** Exercise aim **
In your copy, include every line of the records exactly and no picture at all.
---- Information
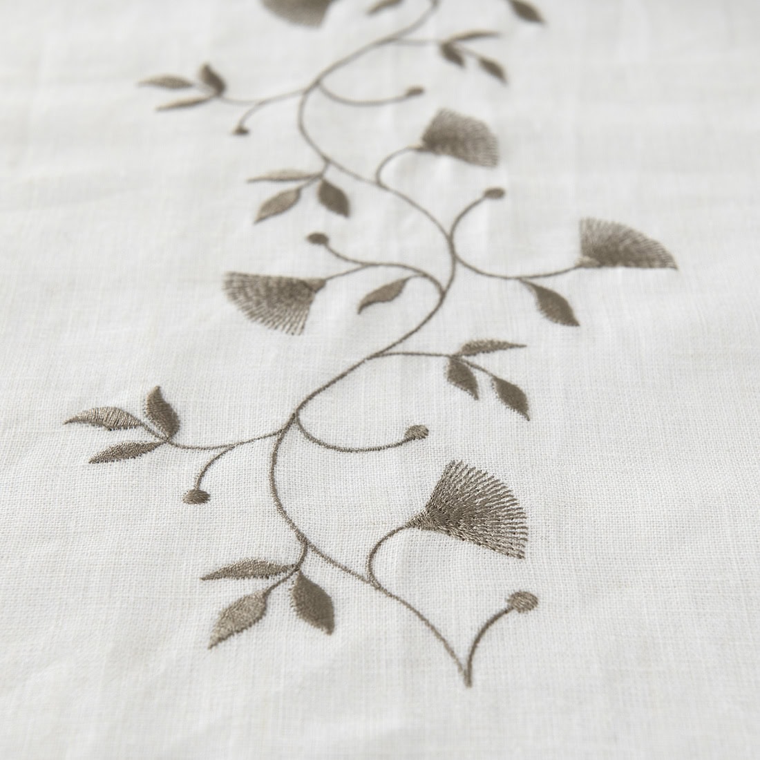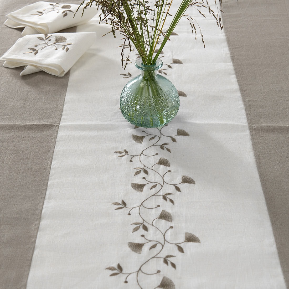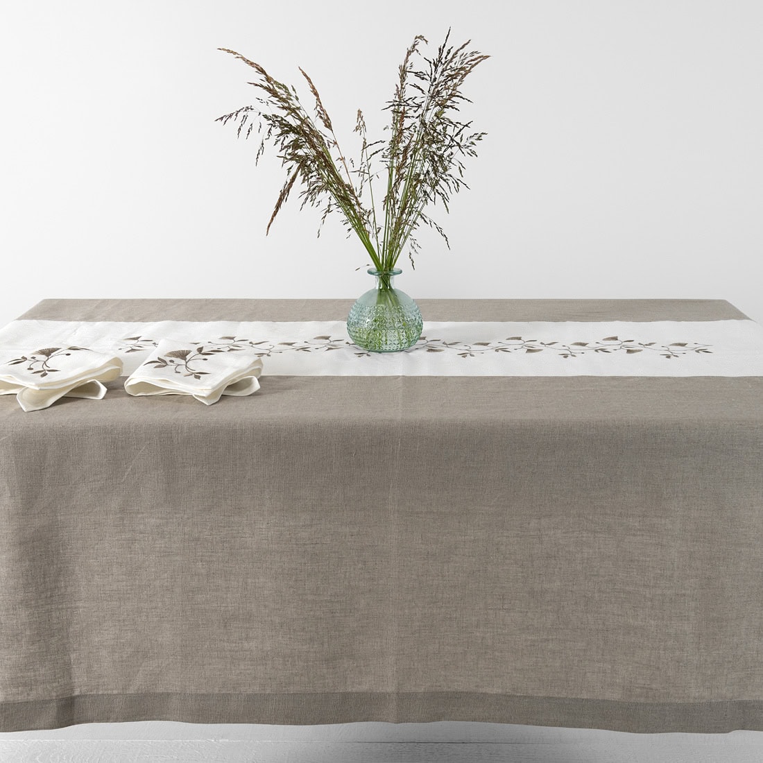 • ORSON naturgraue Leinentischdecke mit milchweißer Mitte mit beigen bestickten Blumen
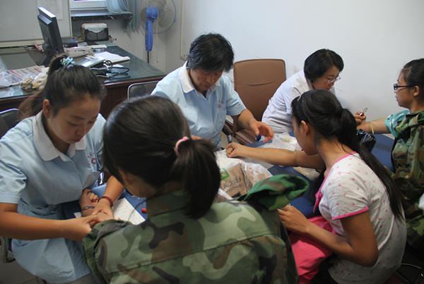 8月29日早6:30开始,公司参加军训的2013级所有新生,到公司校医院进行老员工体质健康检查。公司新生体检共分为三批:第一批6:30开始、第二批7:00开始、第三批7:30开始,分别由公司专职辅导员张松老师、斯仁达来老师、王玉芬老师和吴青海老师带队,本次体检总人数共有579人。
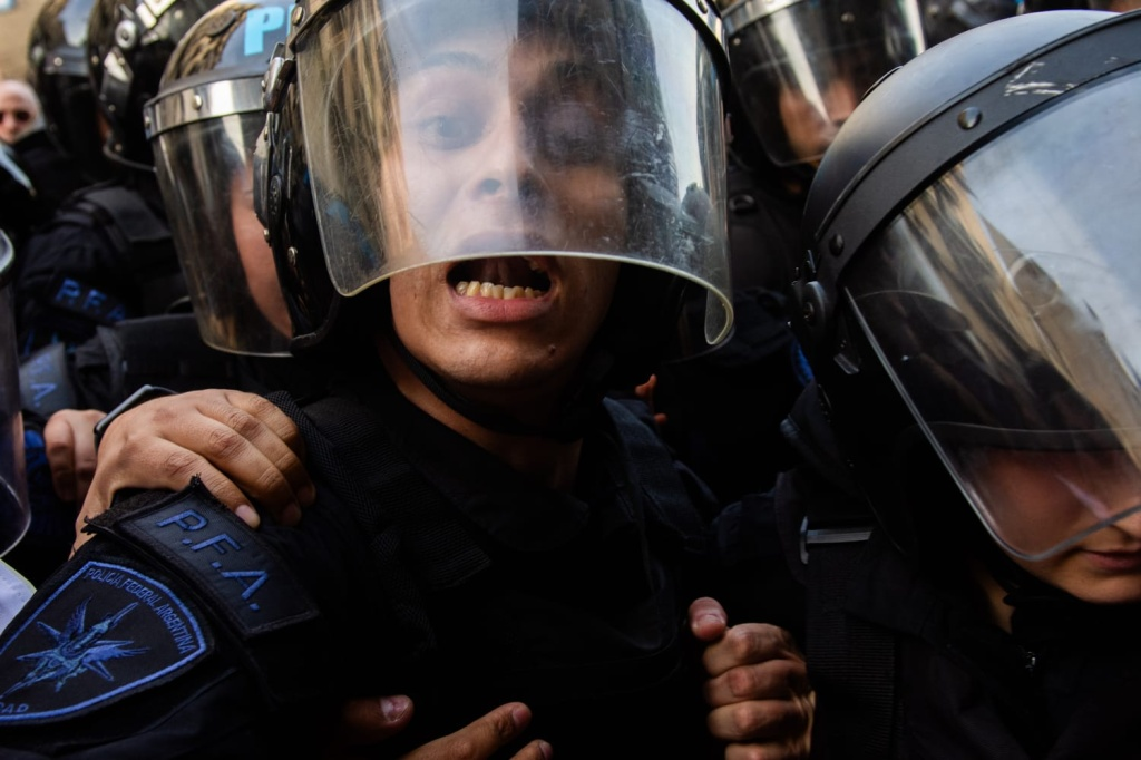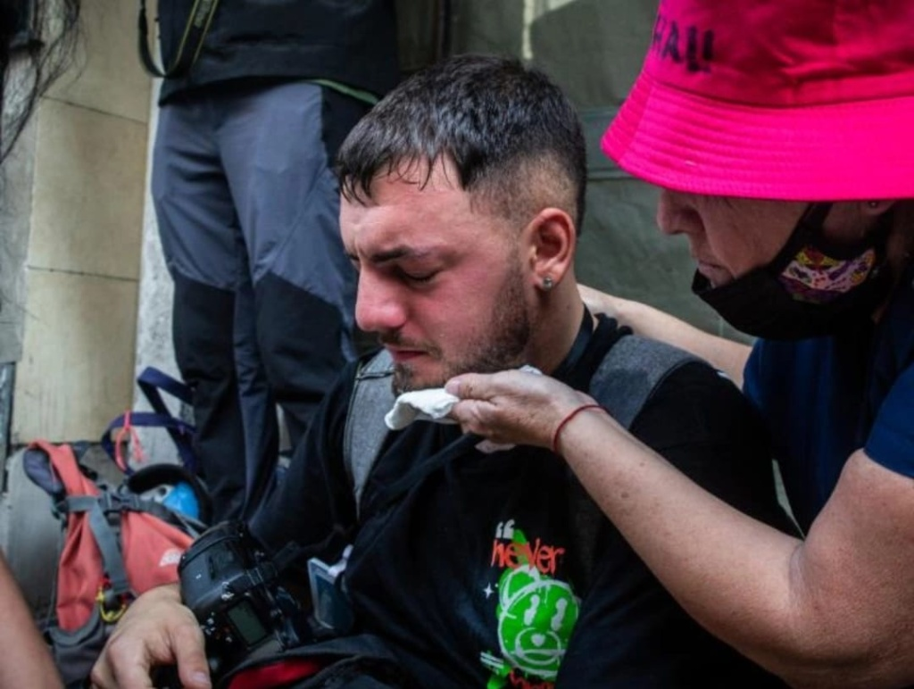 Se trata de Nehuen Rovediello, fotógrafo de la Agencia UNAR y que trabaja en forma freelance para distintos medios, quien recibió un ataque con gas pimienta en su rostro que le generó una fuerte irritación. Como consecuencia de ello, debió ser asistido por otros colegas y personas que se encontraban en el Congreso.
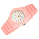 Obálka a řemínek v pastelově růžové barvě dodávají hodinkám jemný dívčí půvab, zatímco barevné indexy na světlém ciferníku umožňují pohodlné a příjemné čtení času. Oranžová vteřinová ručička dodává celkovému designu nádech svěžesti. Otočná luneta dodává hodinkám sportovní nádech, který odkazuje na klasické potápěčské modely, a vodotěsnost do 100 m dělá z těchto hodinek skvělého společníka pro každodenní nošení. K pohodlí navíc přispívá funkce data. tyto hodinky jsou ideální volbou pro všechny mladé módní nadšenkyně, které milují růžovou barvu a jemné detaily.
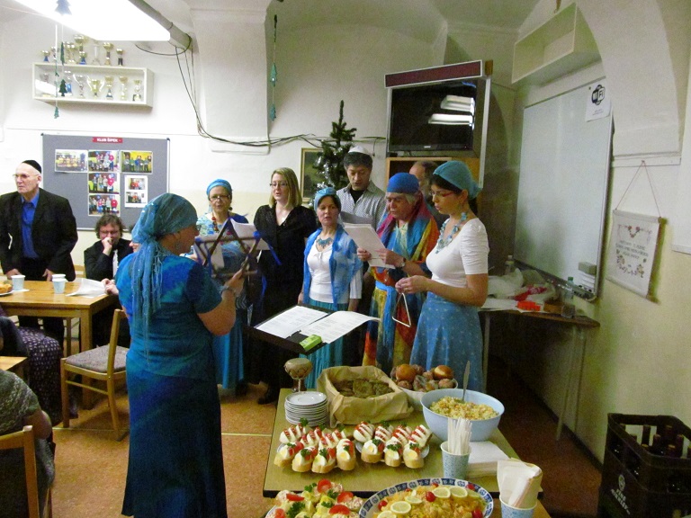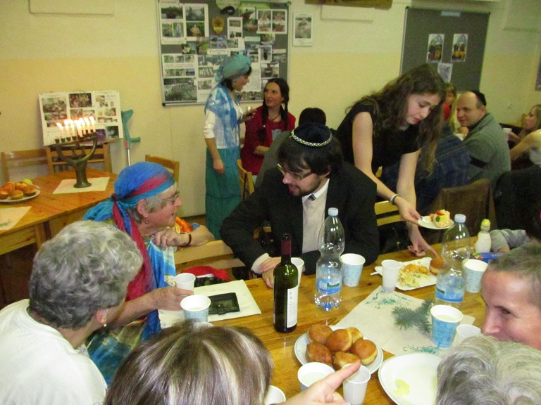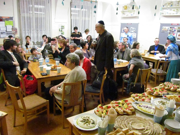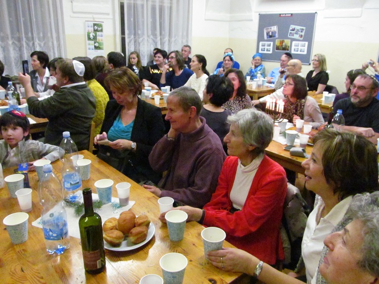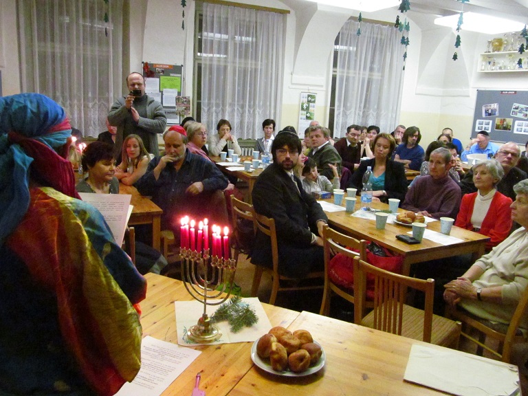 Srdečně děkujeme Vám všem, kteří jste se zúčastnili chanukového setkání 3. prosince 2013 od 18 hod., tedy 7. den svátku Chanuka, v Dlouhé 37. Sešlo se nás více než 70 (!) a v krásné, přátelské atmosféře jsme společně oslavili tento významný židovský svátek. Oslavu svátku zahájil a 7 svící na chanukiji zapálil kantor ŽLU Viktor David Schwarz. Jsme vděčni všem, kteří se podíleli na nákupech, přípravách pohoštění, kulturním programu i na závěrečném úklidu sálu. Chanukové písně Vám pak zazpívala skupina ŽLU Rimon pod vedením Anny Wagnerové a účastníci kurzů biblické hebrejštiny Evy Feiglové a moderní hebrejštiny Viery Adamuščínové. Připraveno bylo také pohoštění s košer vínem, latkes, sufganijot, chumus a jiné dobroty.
--------
** Exercise answer **
 • ORSON naturgraue Leinentischdecke mit milchweißer Mitte mit beigen bestickten Blumen
 8月29日早6:30开始,公司参加军训的2013级所有新生,到公司校医院进行老员工体质健康检查。公司新生体检共分为三批:第一批6:30开始、第二批7:00开始、第三批7:30开始,分别由公司专职辅导员张松老师、斯仁达来老师、王玉芬老师和吴青海老师带队,本次体检总人数共有579人。
 Se trata de Nehuen Rovediello, fotógrafo de la Agencia UNAR y que trabaja en forma freelance para distintos medios, quien recibió un ataque con gas pimienta en su rostro que le generó una fuerte irritación. Como consecuencia de ello, debió ser asistido por otros colegas y personas que se encontraban en el Congreso.
 Obálka a řemínek v pastelově růžové barvě dodávají hodinkám jemný dívčí půvab, zatímco barevné indexy na světlém ciferníku umožňují pohodlné a příjemné čtení času. Oranžová vteřinová ručička dodává celkovému designu nádech svěžesti. Otočná luneta dodává hodinkám sportovní nádech, který odkazuje na klasické potápěčské modely, a vodotěsnost do 100 m dělá z těchto hodinek skvělého společníka pro každodenní nošení. K pohodlí navíc přispívá funkce data. tyto hodinky jsou ideální volbou pro všechny mladé módní nadšenkyně, které milují růžovou barvu a jemné detaily.
 Srdečně děkujeme Vám všem, kteří jste se zúčastnili chanukového setkání 3. prosince 2013 od 18 hod., tedy 7. den svátku Chanuka, v Dlouhé 37. Sešlo se nás více než 70 (!) a v krásné, přátelské atmosféře jsme společně oslavili tento významný židovský svátek. Oslavu svátku zahájil a 7 svící na chanukiji zapálil kantor ŽLU Viktor David Schwarz. Jsme vděčni všem, kteří se podíleli na nákupech, přípravách pohoštění, kulturním programu i na závěrečném úklidu sálu. Chanukové písně Vám pak zazpívala skupina ŽLU Rimon pod vedením Anny Wagnerové a účastníci kurzů biblické hebrejštiny Evy Feiglové a moderní hebrejštiny Viery Adamuščínové. Připraveno bylo také pohoštění s košer vínem, latkes, sufganijot, chumus a jiné dobroty.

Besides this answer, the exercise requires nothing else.